There are services that provide enough to support 12 GB of data. For example, Figshare provides 20 GB of free space (file size limit 5 GB) for private storage and apparently unlimited public space. They state they can support larger files but not through user upload.

When you publish data you can assign a doi to the data set (this can actually be done much earlier in the process as a reserved number). Many journals also use Figshare (and likely other services) for their "Supporting information" as well. I do not know if adding such information is associated with costs.

I am only familiar (not associated) with Figshare and do not know limitations of other similar services so see this as an example. Also look in to the possibility to add the data as supporting information to your article.

Peter Jansson
  • 73,217
  • 12
  • 206
  • 344
  • I see that figshare has been around for 6-7 years, which is a relatively long time on the Internet and a good sign since longevity is key here. – Luke Sawczak Dec 23 '17 at 17:50
  • 12
    I agree that the "right way" to link to a dataset is to assign a DOI to it. To that end, zenodo.org is a free service that accept up to 50GB per dataset. – LCT Dec 23 '17 at 22:37
  • @LCT There's something to that but I think people tend to overemphasize the importance of a DOI. Don't get me wrong, it does have clear advantages, in the sense of being intended to be permanent, being a standard that academics are familiar with, and being compatible (in some sense) with existing citation formats, but let's not get carried away thinking that, say, anything without a DOI is necessarily inferior. – David Z Dec 24 '17 at 00:21
  • 1
    @DavidZ An archive without DOIs isn't necessarily inferior. An archive without a reasonably well-established method for permanent document identification is, though. – E.P. Dec 24 '17 at 10:38
  • @E.P. Right, I'm just calling out the implication (intended or not) that a DOI is the "right way" to permanently identify a resource and any other type of permanent identifier is the "wrong way". – David Z Dec 24 '17 at 10:47
  • @E.P. A cryptographic hash is a more reliable and more widely used way to identify the data than DOI. The hash doesn't give you any URL for locating the data but it does give you a way to verify that you got the right data once you have located it somehow. – kasperd Dec 25 '17 at 23:00
10

If your data is a collection of books, audio, or video files, you may host them on the Internet Archive's website, https://archive.org (upload page: https://archive.org/create/).

The Internet Archive is a San Francisco–based nonprofit digital library with the stated mission of "universal access to all knowledge." It provides free public access to collections of digitized materials, including websites, software applications/games, music, movies/videos, moving images, and nearly three million public-domain books. As of October 2016, its collection topped 15 petabytes. In addition to its archiving function, the Archive is an activist organization, advocating for a free and open Internet. [...] Founded by Brewster Kahle in May 1996.

It's free to upload and download.

Examples:

Franck Dernoncourt
  • 33,669
  • 27
  • 144
  • 313
8

You could use a service that provides PURLs (persistent URLs).

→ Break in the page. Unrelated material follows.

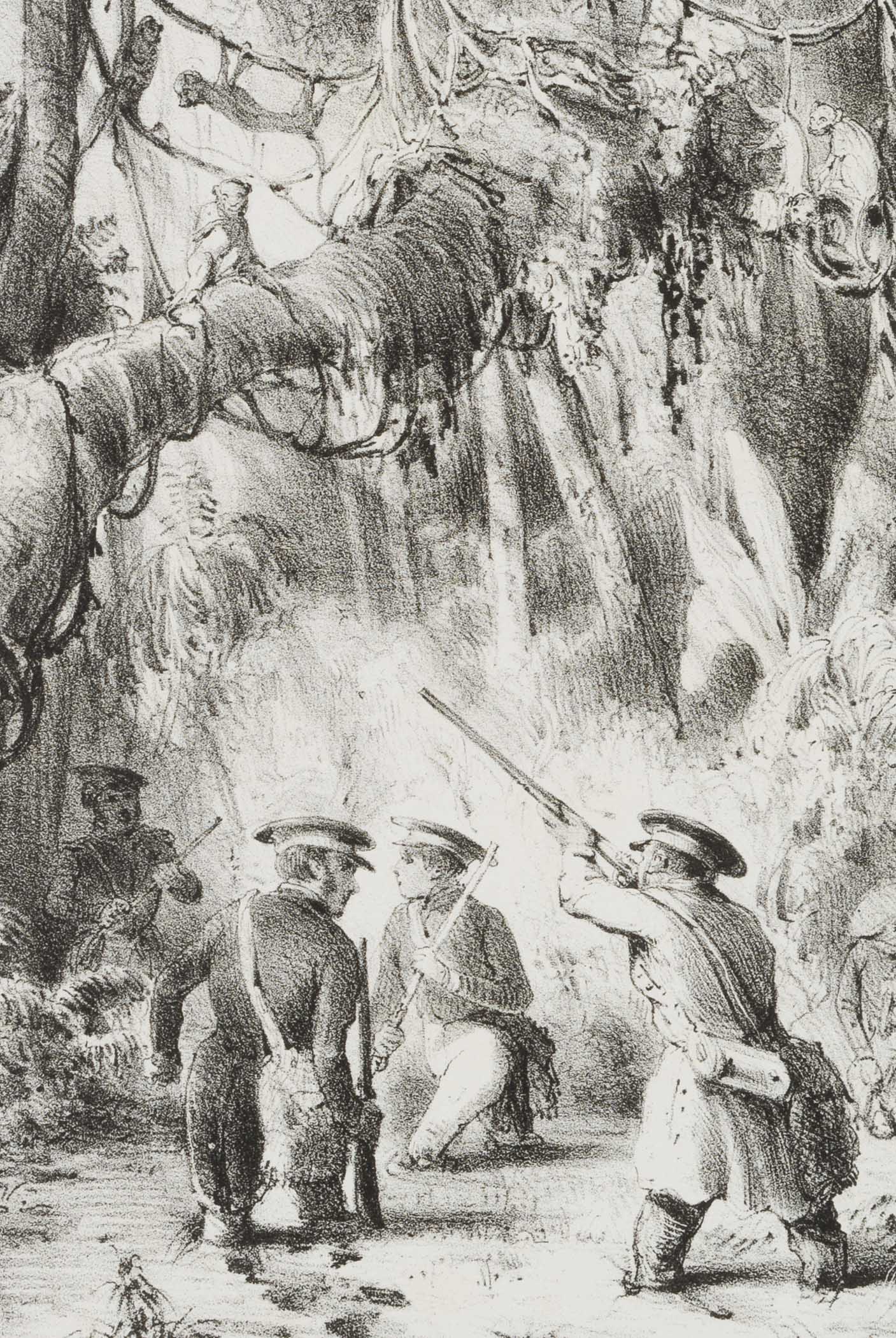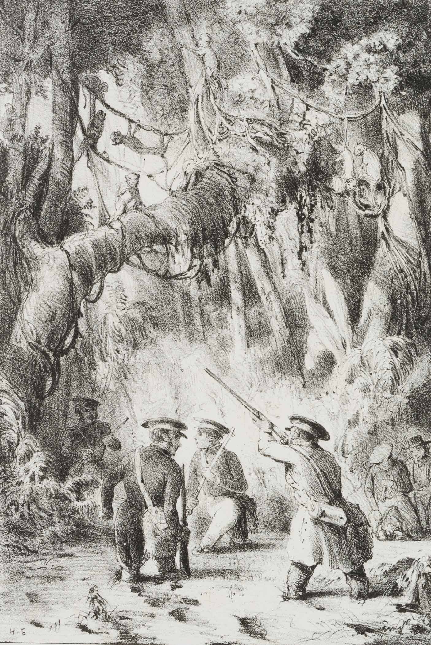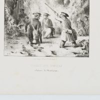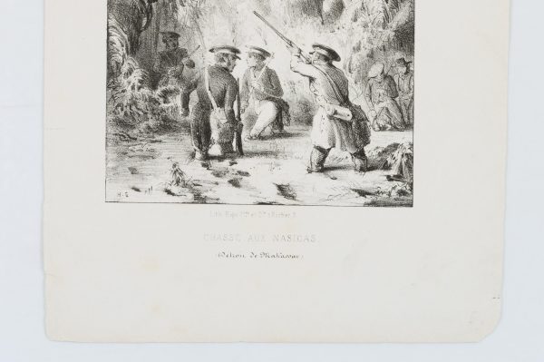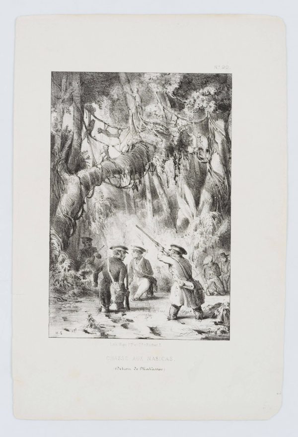 Unbekannt (19. Jahrhundert), ‘Chasse aux nasicas’. Jagd auf Nasenaffen, um 1850, Lithographie

Such a URL redirects to a target URL of your choice, and you can update the target URL in case you need to move to a new hosting location.

Examples

  • The best known service is https://archive.org/services/purl/.

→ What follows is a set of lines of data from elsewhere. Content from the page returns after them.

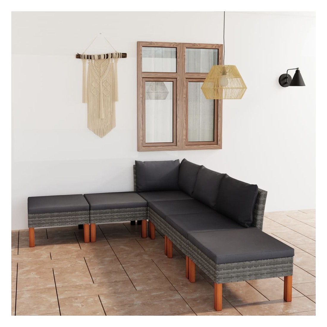 Cet ensemble de salon de jardin élégant et confortable, est un choix idéal pour vous détendre et profiter du beau temps, faire une sieste ou discuter avec votre famille ou vos amis. Doté d’un cadre en acier enduit de poudre recouvert de résine tressée, l'ensemble de canapé est résistant aux intempéries et facile à nettoyer. Les pieds en bois d’eucalyptus massif contribuent à sa robustesse et à sa stabilité. L'ensemble de salon est livré avec des coussins rembourrés pour un confort suprême. Dotée d'une fermeture éclair, la housse des coussins est amovible et lavable. De plus, cet ensemble de canapés d'extérieur peut être facilement déplacé pour s’adapter à n’importe quelle configuration grâce à sa construction légère. Remarque : afin de prolonger la durée de vie des meubles d'extérieur, nous vous recommandons de les protéger avec une housse imperméable.
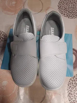 Zuecos de seguridad de la marca SKARPPA. Modelo IRATI 01 SRC - Diseño blanco. - Cierre de velcro. - Material perforado.
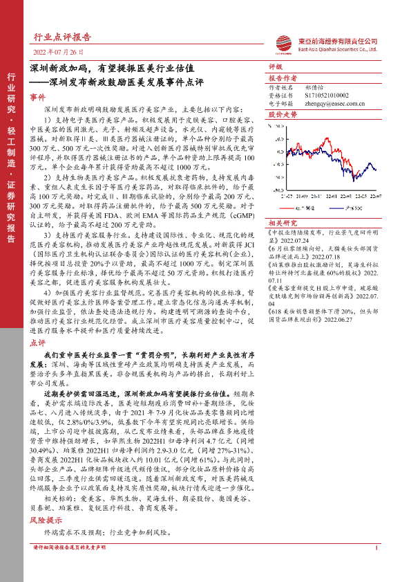 【东亚前海证券】【20220726】深圳发布新政鼓励医美发展事件点评-3页
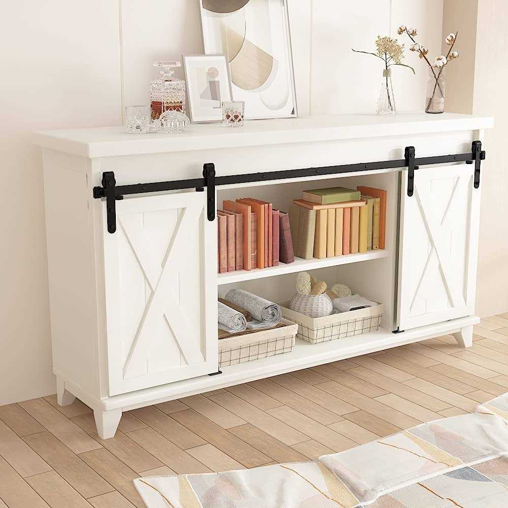 Be the first to review “skysen Double Door Cabinet Sliding Barn Door Hardware Kit Super Mini Sliding Door Hardware for Wardrobe Cabinet TV Stand”
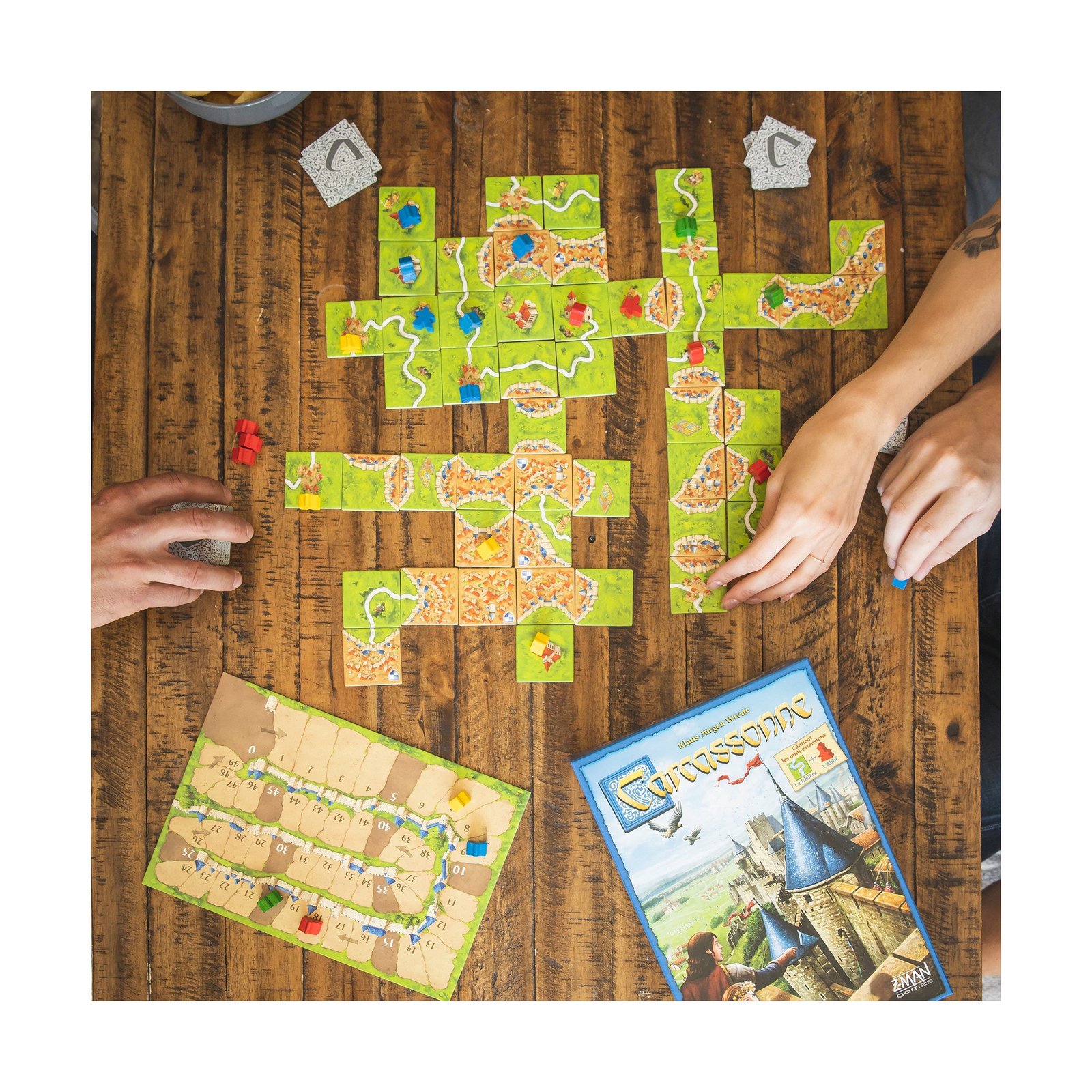 In Carcassonne, players build the area surrounding this impressive city, one tile at a time. They then place a follower on fields, cities, roads or monasteries in order to score as many points as possible. These followers will become knights, monks, farmers and thieves, depending on where they are placed. No matter their function, the player who will most cleverly use their followers will win the game. Entirely redesigned and modernized, this edition includes two expansions: The River and The Abbot.

    Since 2016, the service is provided by the Internet Archive (blog post). From 1995 to 2016, it was provided by the OCLC.

    Lorcan Dempsey of OCLC welcomed the announcement as “a major step in the future sustainability and independence of this key part of the Web and linked data architectures. OCLC is proud to have introduced persistent URLs and purl.org in the early days of the Web and we have continued to host and support it for the last twenty years. We welcome the move of purl.org to the Internet Archive which will help them continue to archive and preserve the World’s knowledge as it evolves.”

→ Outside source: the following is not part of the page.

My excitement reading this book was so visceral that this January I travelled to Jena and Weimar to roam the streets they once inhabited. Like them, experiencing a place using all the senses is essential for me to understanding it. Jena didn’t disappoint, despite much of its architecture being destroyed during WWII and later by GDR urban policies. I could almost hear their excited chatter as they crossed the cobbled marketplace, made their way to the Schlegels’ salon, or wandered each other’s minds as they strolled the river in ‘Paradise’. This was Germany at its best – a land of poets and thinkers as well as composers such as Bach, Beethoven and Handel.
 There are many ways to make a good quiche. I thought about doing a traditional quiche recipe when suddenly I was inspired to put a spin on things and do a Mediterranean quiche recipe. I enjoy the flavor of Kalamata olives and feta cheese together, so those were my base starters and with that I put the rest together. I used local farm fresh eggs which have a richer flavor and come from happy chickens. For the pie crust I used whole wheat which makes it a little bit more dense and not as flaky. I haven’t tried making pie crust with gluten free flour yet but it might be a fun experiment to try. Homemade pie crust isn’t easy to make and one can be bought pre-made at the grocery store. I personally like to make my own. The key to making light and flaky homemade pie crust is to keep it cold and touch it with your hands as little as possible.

    It uses several domain names, including purl.org, purl.net, and purl.com.

    You need an account on https://archive.org/ to create and manage your PURLs.

  • Another, younger service is https://w3id.org/, provided by a group of organizations that follow a social contract:

    There are a growing group of organizations that have pledged responsibility to ensure the operation of this website. These organizations are: […]. They are responsible for all administrative tasks associated with operating the service. The social contract between these organizations gives each of them full access to all information required to maintain and operate the website. The agreement is setup such that a number of these companies could fail, lose interest, or become unavailable for long periods of time without negatively affecting the operation of the site.

    They claim:

    All identifiers associated with this website are intended to be around for as long as the Web is around. This means decades, if not centuries.

    It uses the domain name w3id.org.

    To create and manage your PURLs, you need to submit a pull request on GitHub or send an email to their mailing list.

  • Some more.

Risk assessment

For the objective to get a permanent HTTP URL (with the ability to change the redirect target) without having to pay something, a PURL service would be the best choice:

  • Providing permanent HTTP URLs is the primary goal of these services, and their only reason of existence. Their whole focus will be on keeping these URLs working.

  • Providing such a service is not complex, and not hard on the servers, so there is a good chance that it can be kept online in the future, even with a very limited budget.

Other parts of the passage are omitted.